There have been a few competitions that I thought I had a shot at winning lately. Author’s Publish Magazine sends an email to subscribers featuring 30+ magazines that are open for submissions for short stories or novels. I took the opportunity to specifically look for horror magazines and submit some of my old ghost stories. I still want to improve my horror writing, but so far none of the contests have accepted my short stories. I’ve also gotten into Reedsy.com, which has weekly short story and flash fiction contests that costs $5 per entry. I like Reedsy because they provide prompts so it’s a good exercise for coming up with ideas quickly and flushing out a full story in 1000-3000 words. None of my submissions to Reedsy or horror magazines have been accepted and it kind of killed my confidence. Not having any successes to report has also hindered confidence among my writing group. Other writers in that group have been actively submitting as well but also haven’t had any successes. I was starting to get frustrated, and I doubt I was alone in feeling that way.

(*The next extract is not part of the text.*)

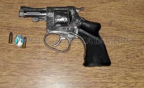 Al momento de realizarle la requisa correspondiente, los policías encontraron entre sus prendas de vestir un revolver calibre 22 corto, con dos municiones en el tambor, que quedaron en calidad de secuestro.

Feelings became more positive recently when I delivered a big piece of good news. While Googling open writing contests I came across one called The Book Fest. I signed up and submitted Public Display of Aggression back in February of this year. I submitted it for multiple categories, and recently was informed that the book won 3rd place for Fantasy Thriller genre and received an Honorable Mention for the cover art (special thanks to Lothar Speer for being such a dedicated illustrator). It isn’t 1st place, but I’m not complaining. It looks like there were hundreds of books submitted, so 3rd place is definitely a reason to be proud.
I’m still exploring ways to capitalize on this victory. The Book Fest offered a few different prizes but I didn’t purchase all of them. The cheapest prize was a set of “Winner” stickers. While simple, I believe it will be effective. At ABQ Comic Con earlier this year, Marie Parks placed stickers on her book, Unrelenting, indicating it won a Book Pipeline LGBTQ+ aware and it seemed to boost interest in and sales of her novel. Another prize was a press release. My plan for that is to print copies and ask bookstores if they’re willing to display it in their window for at least a weekend. There was also a pretty exclusive prize which was to have the book cover displayed on a billboard in New York City. I really wanted to take advantage of that, but it was a few hundred dollars and I’m hesitant about spending that much on anything. By the time I decided it was worth the cost, I discovered that space on the billboard was filled up, so that was a missed opportunity.
The important thing is that morale among the aspiring authors I meet weekly has been lifted and my confidence has been boosted. Gaining recognition for a craft like creative writing is a numbers game. I’m still on the lookout for short story competitions and I’m bound to win one of those eventually, but a book award is more valuable. It’s an award for a product that’s able to be widely distributed and will hopefully cultivate interest in the Mystic Rampage series overall.